■ **What this task involves**
The first line of the entries is where the copy starts and the line with "由沖擊波一沖量準(zhǔn)" is where it ends; set down each line exactly, both ends included, and drop pictures.
____ Working data
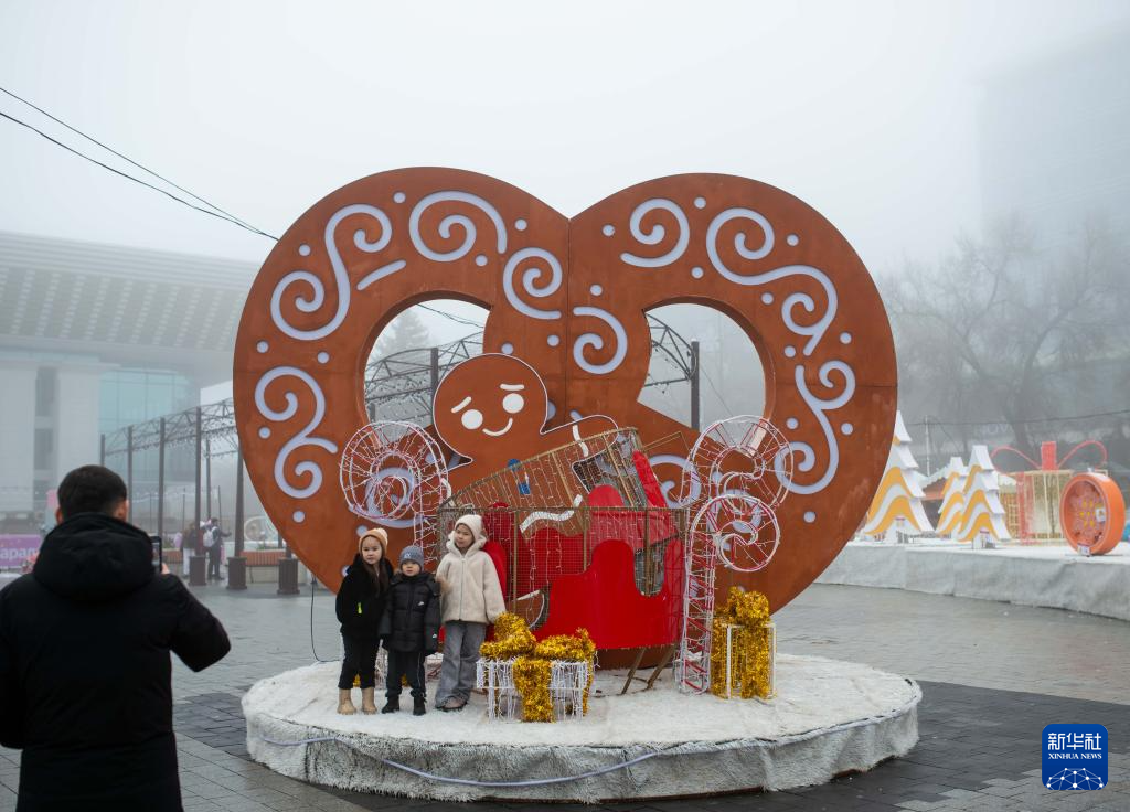 2026年1月1日,在哈萨克斯坦阿拉木图,孩子们在新年艺术装置前留影。
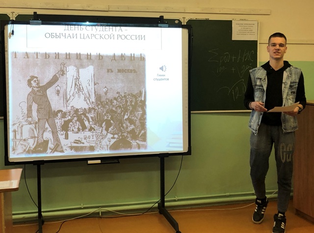 В рамках празднования на кафедре профессионального обучения и бизнеса факультета технологии, предпринимательства и сервиса было проведено мероприятие социально-культурной направленности «День российского студенчества - Татьянин день». Цель проведения - воспитание эмоционально-ценностного отношения к истории, культуре и духовно-нравственным традициям российского общества.
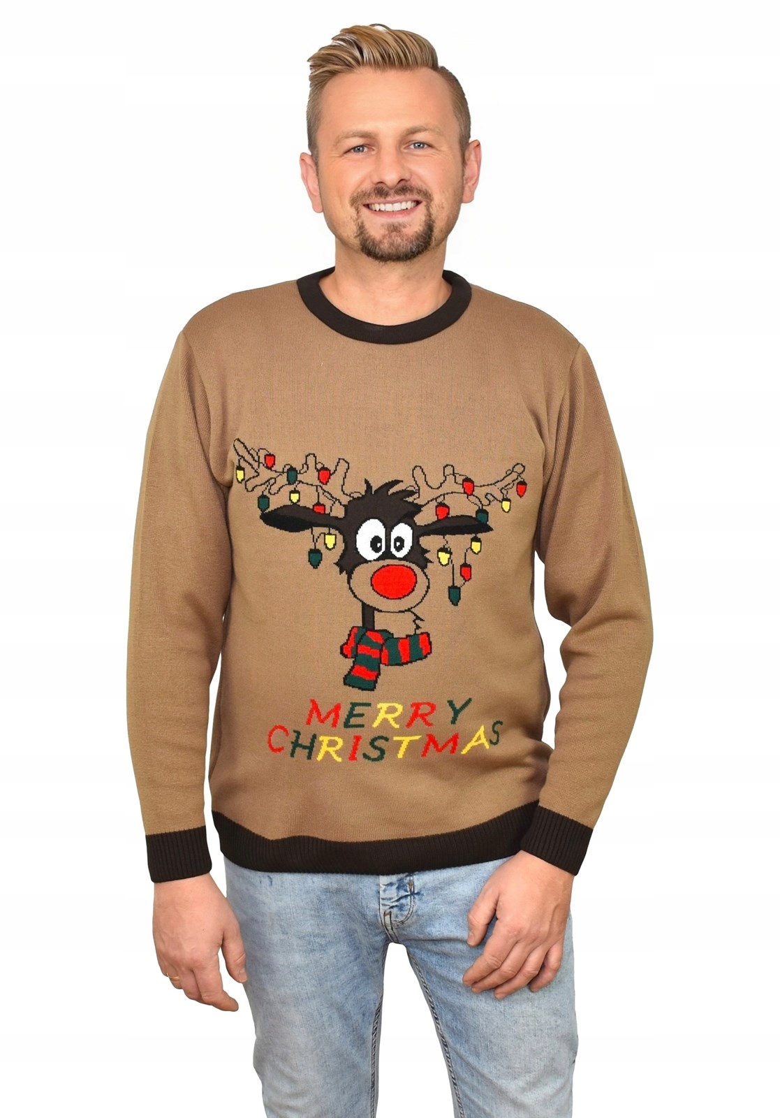 КОРИЧНЕВИЙ РІЗДВЯНИЙ ДЖЕМПЕР З ОЛЕНЯМИ РІЗДВЯНІ СВЕТЕРИ MERRY CHRISTMAS M
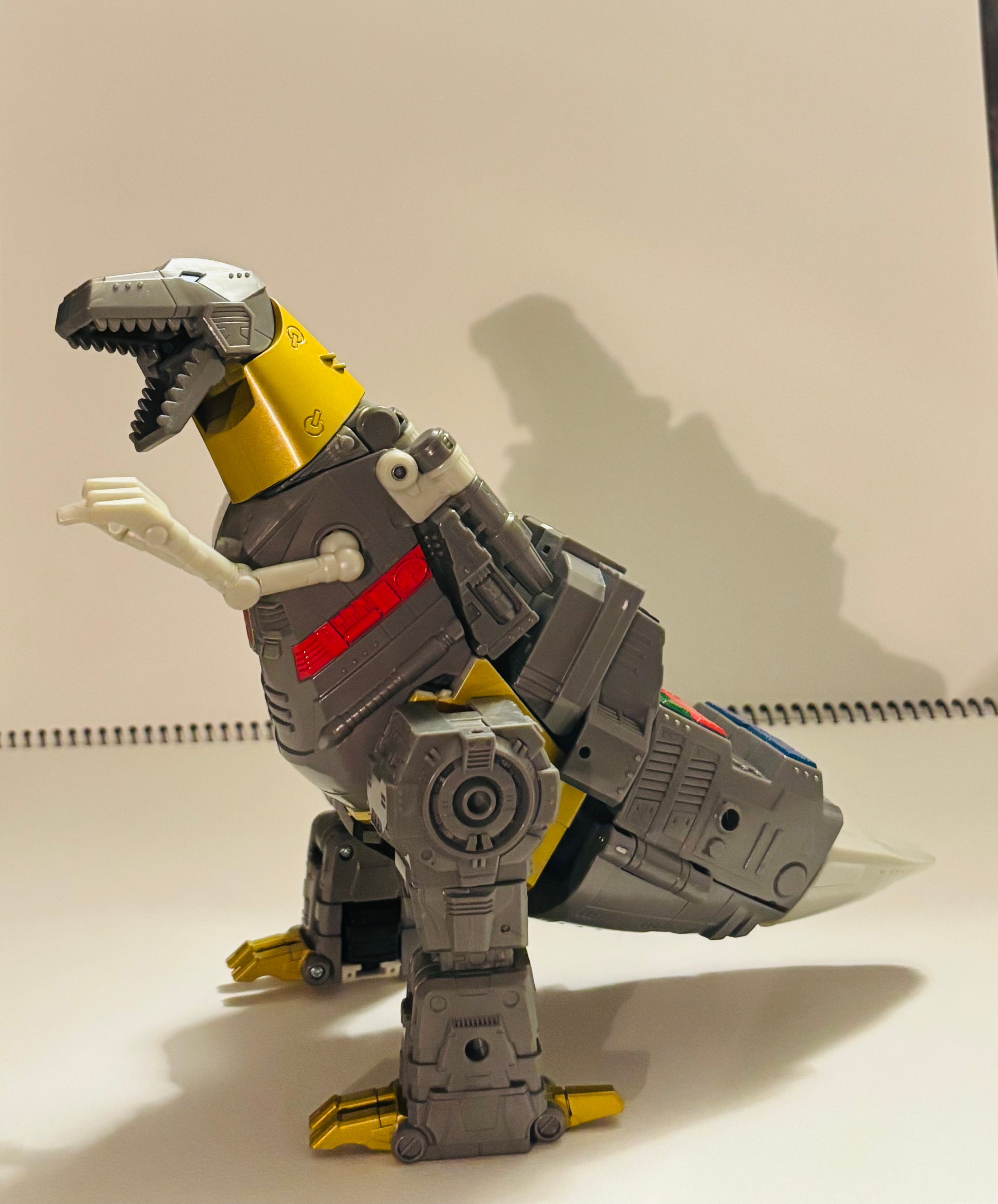 The tyrannosaurus rex was named Grimlock. And he was the coolest toy ever. He was like the Faberge Egg, the Antkythera Mechanism and the Laocoon wrapped up in one. I never owned it as a kid.
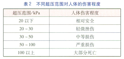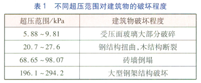 由沖擊波一沖量準(zhǔn)則確定的不同超壓范圍對(duì)建筑物的破壞程度、人體的傷害程度分別見(jiàn)表1、2。
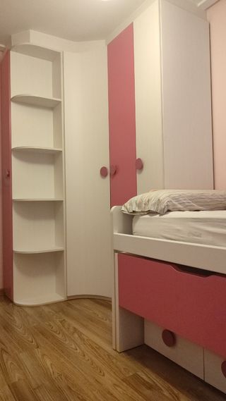 Conjunto de muebles infantiles en rosa y blanco, ideal para una habitación de niña. Incluye armario, cama nido con cajones y escritorio con estanterías. Los muebles están en buen estado y son muy prácticos. - Armario con dos puertas y espacioso interior. - Cama nido con cajones de almacenaje debajo. - Escritorio con estanterías integradas. - Estantería de esquina. Todo en perfecto estado.
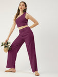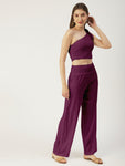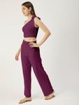 Features: one side tie-up shoulder, crop top, ankle length palazzo, elastic waist, lightweight and all over solid pattern
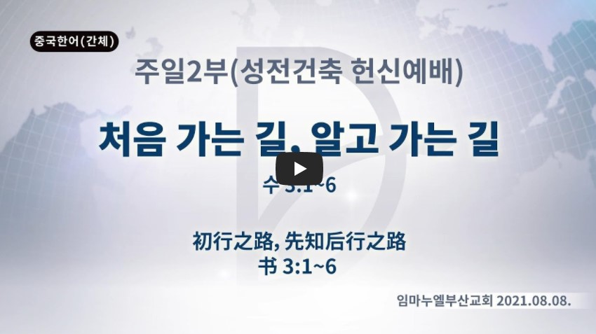 2022년 2월 4일(금) 분류 주일예배 설교- 주일2부 제목 처음 가는 길, 알고 가는 길 성경 여호수아 3:1-6 일시/장소 2021년 8월 8일, 임마누엘 교회 강사 류광수 목사 (정리: 차동호 목사) 주제어 ♠성
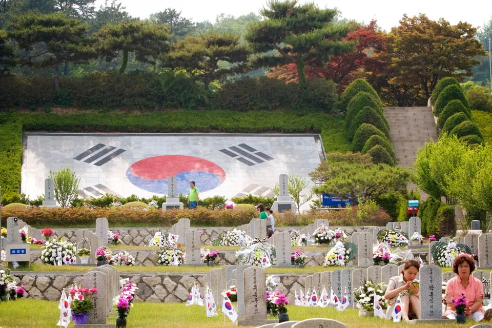 Families pay respect to their lost ones at the Seoul National Cemetery right outside Dongjak Station (동작역).
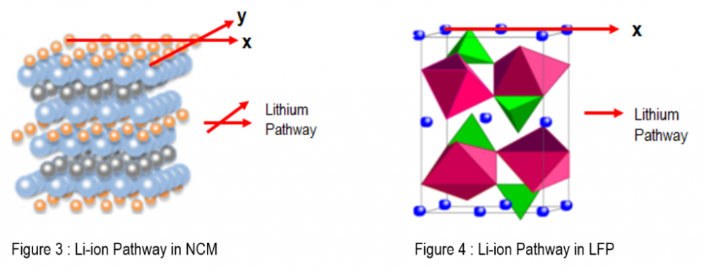 (NCA虽然分子结构与NCM稍有不同,但是存在的问题与NCM差不多) 虽然早期磷酸铁锂电池由于其结构原因,充放电效率较低(形象的说法就是由于结构稳定导致锂离子活动自由度不高),但随着包碳技术(法国世界级锂电科学家米歇尔·阿尔芒发明,并后来与古迪纳夫一起申请了专利,MichelArmand),以及纳米化材料工艺的技术,现在磷酸铁锂电池的充放电功率(即性能)不比三元锂电池差。 其次,LFP安全性高。磷酸铁锂化合物本身的分解温度在700~800度左右,远高于三元锂化合物的200~300度,所以理论安全性高很多;且三元锂电池在发生“热失控”时,会释放氧气,从而进一步加剧反应剧烈程度,而磷酸铁锂化合物中P-O键稳固,难以分解从而杜绝氧气形成,避免连锁效应。 但是,之所以磷酸铁锂一直没能应用于乘用车市场,根本原因在于LFP有几个“原罪”。 首先,LFP的能量密度较低。单电芯目前最顶端也就刚摸到三元锂电池的一般水平。原因在于相比于三元锂来说容量低(单位Ah),且电压低(三元大多在4V以上,磷酸铁锂在3.4V左右),能量即是容量乘以电压(单位Wh)。 其次,最要命的是低温性能差。原因在于正极材料(磷酸铁锂化合物)本身为绝缘体,相比三元锂电池电子导电率低,低温下导电性更为差,致使电池内阻增大,受到极化影响大。即便在加了纳米碳导电剂改良后,虽然有所缓解,但仍未能解决低温的电压降低导致的可用容量降低的问题。
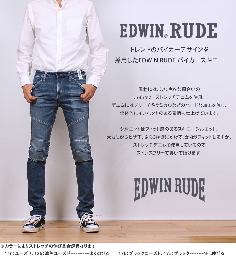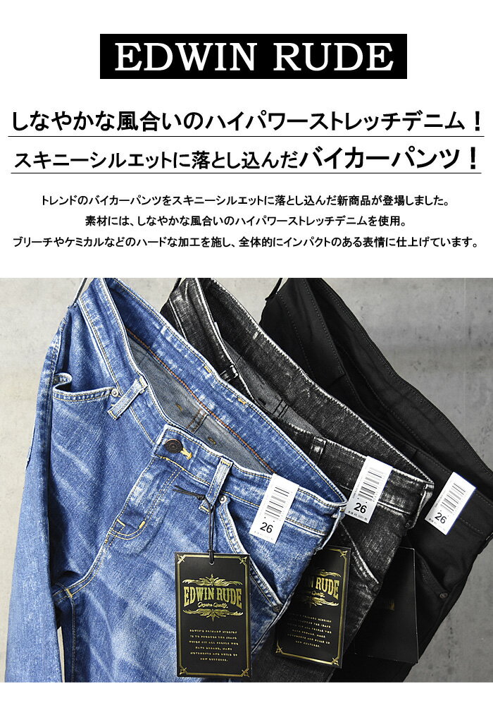 【SALE! ¥9180⇒¥4860】【5000円以上宅配便国内送料無料】EDWIN RUDE バイカー スキニー/ストレッチエドウィン/エドウイン/ルード/EDWIN--KRU22_156_126_176_175アクス三信/AXS SANSHIN/サンシン
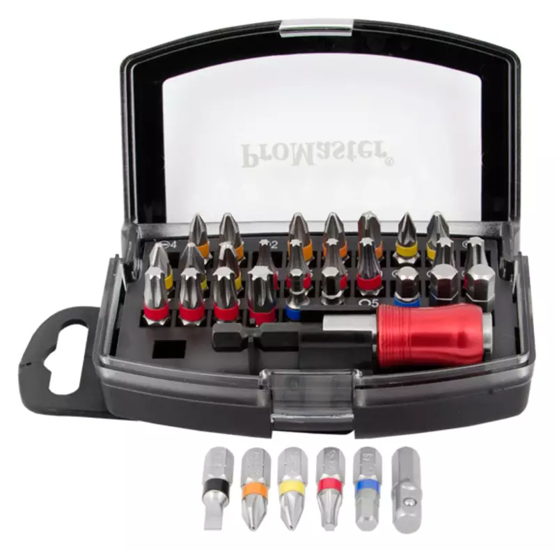 32-osainen kärkisarja värikoodatuilla ruuvauskärjillä helpottaa oikean kärjen valintaa nopeasti ja vaivattomasti. Sarja sisältää yleisimmät ruuvikärjet urille, ristipäille, kuusiokoloille ja Torx-ruuveille. Mukana kätevä kärkipidin pikalukituksella, 1/4" hylsyadapteri ja vyöklipsi. Soveltuu monipuolisiin asennus- ja huoltotöihin niin kotona kuin työmaalla.
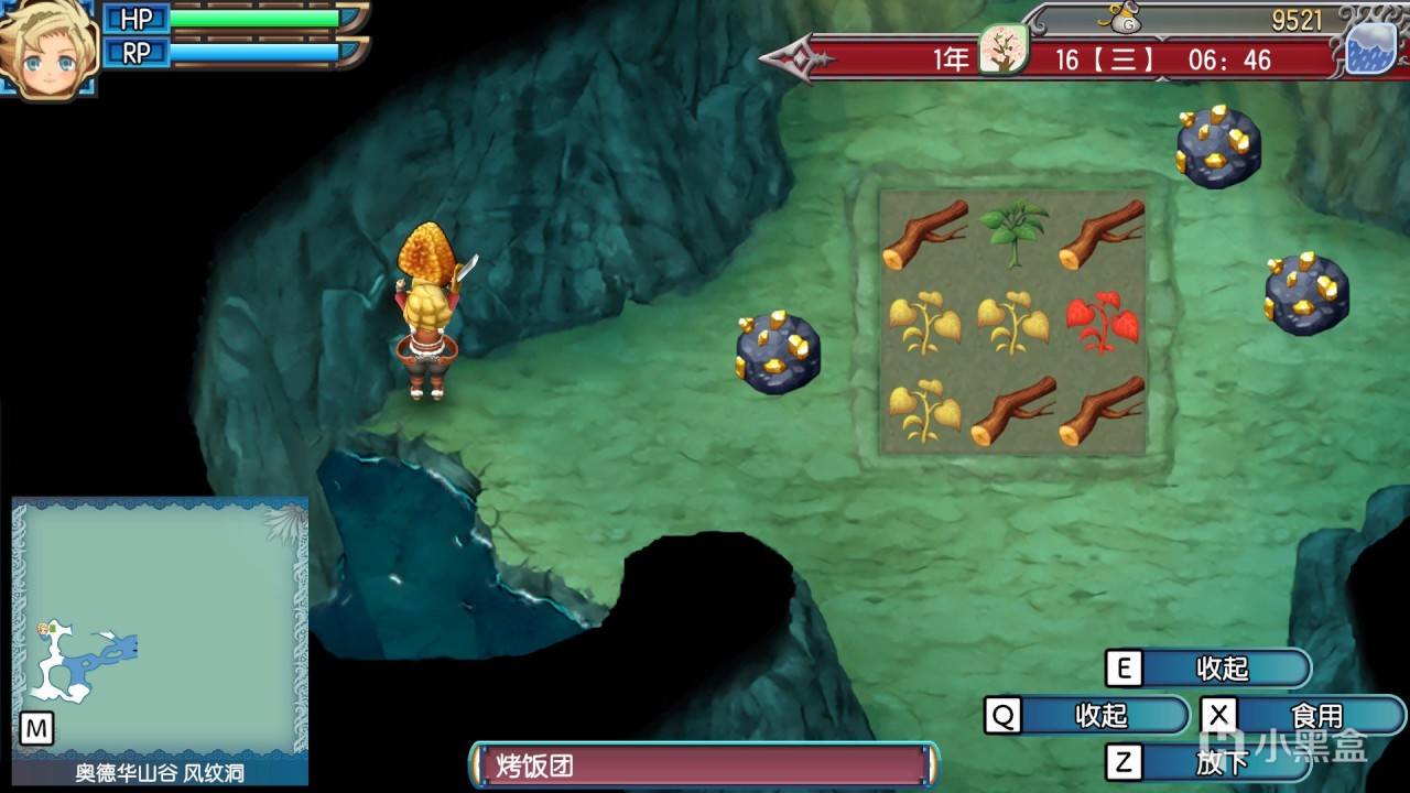 與現在普遍的經營模擬遊戲不同,本遊戲的料理製作與鍛造臺需要劇情推進到一定程度纔可以解鎖,並不是一開始就能解鎖的,所以前期在缺乏體力回覆的手段下,我們可以每天去豪宅右方的迷宮山洞裏白嫖一份食物,可以賣錢也可以自用。在普利貝拉森林的一張圖中,可以固定刷新蘑菇,也是非常有效的回覆體力手段,雖然喫完後會中毒,可以用解毒草來解毒,解毒草在地圖上也是很常見的基本草藥。
________
■ **Finished task**
 2026年1月1日,在哈萨克斯坦阿拉木图,孩子们在新年艺术装置前留影。
 В рамках празднования на кафедре профессионального обучения и бизнеса факультета технологии, предпринимательства и сервиса было проведено мероприятие социально-культурной направленности «День российского студенчества - Татьянин день». Цель проведения - воспитание эмоционально-ценностного отношения к истории, культуре и духовно-нравственным традициям российского общества.
 КОРИЧНЕВИЙ РІЗДВЯНИЙ ДЖЕМПЕР З ОЛЕНЯМИ РІЗДВЯНІ СВЕТЕРИ MERRY CHRISTMAS M
 The tyrannosaurus rex was named Grimlock. And he was the coolest toy ever. He was like the Faberge Egg, the Antkythera Mechanism and the Laocoon wrapped up in one. I never owned it as a kid.
 由沖擊波一沖量準(zhǔn)則確定的不同超壓范圍對(duì)建筑物的破壞程度、人體的傷害程度分別見(jiàn)表1、2。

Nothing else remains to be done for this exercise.